When I was younger and it involved with student organizations, there was this saying that you should give people a title and get them involved. Making someone the assistant editorial page editor at the school paper was fine as long as they did the work. Otherwise, it’s meaningless to have a title without having any responsibility. We have people on our local chambers of commerce board who do nothing and own no business.
As a plan provider or someone working for a plan provider, I think people are more interested in titles than the responsibilities that go with them. I saw it in the non-profit organization where I was the Vice President. You have people get titles that they were in charge of some committee or auxiliary organization and they were content to do nothing. On the flip side, I demanded I be made Vice President because I was doing a ton of work and I wanted a say in how the organization was being run. When I found out that the organization was being led by 5 people who were unelected and I was just a figurehead, I stepped down. What’s the point of having the title if you don’t have any responsibility and call the shots?
Titles look good on a resume, and they sure do, but if the requisite experience isn’t behind it, what’s the point? They’re going to find out somehow.
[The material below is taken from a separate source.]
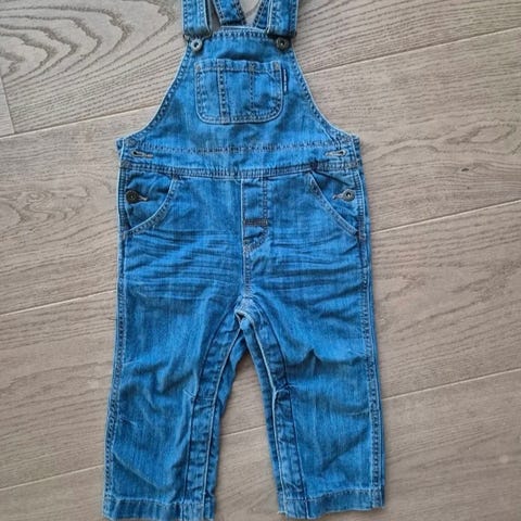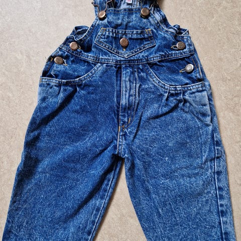 Polarn O. Pyret hängselbyxa för barn i storlek 110. Modellen är unisex och tillverkad i blå bomull. Byxan har justerbara axelband, knäppning i sidorna samt ficka framtill på bröstet. Passar vardagsbruk och lek.

I remember when I got ticked off at law school that I didn’t make a law review or another journal that I decided to start my own. After I realized the struggle to start one and the fact that the administration would do nothing to get that off the ground, I thought calling myself the Editor in Chief of a law journal that was never going to be published was awfully silly.
The point is the work you do is more important than the title. When I got named the head ERISA attorney at a third-party administration firm and was named a company director, it wore out thin especially when being director means you got a nice desk clock and no say in the running of the place.
The other issue in titles is something I’d discussed a few weeks about what I call “top-heavy” administration where a company has too many generals and not enough soldiers, giving people titles that are more important than their actual job can give people an arrogance that the company doesn’t need and people stop doing work that they think is underneath their title. I told the story of a plan administrator on the first day of work when the administration firm had nothing for her. When asked to help out and make some copies of plan documents, she quit on the spot.
Heck, you can call yourself the King or Queen of 401(k), but it becomes a joke when your work doesn’t live up to the title.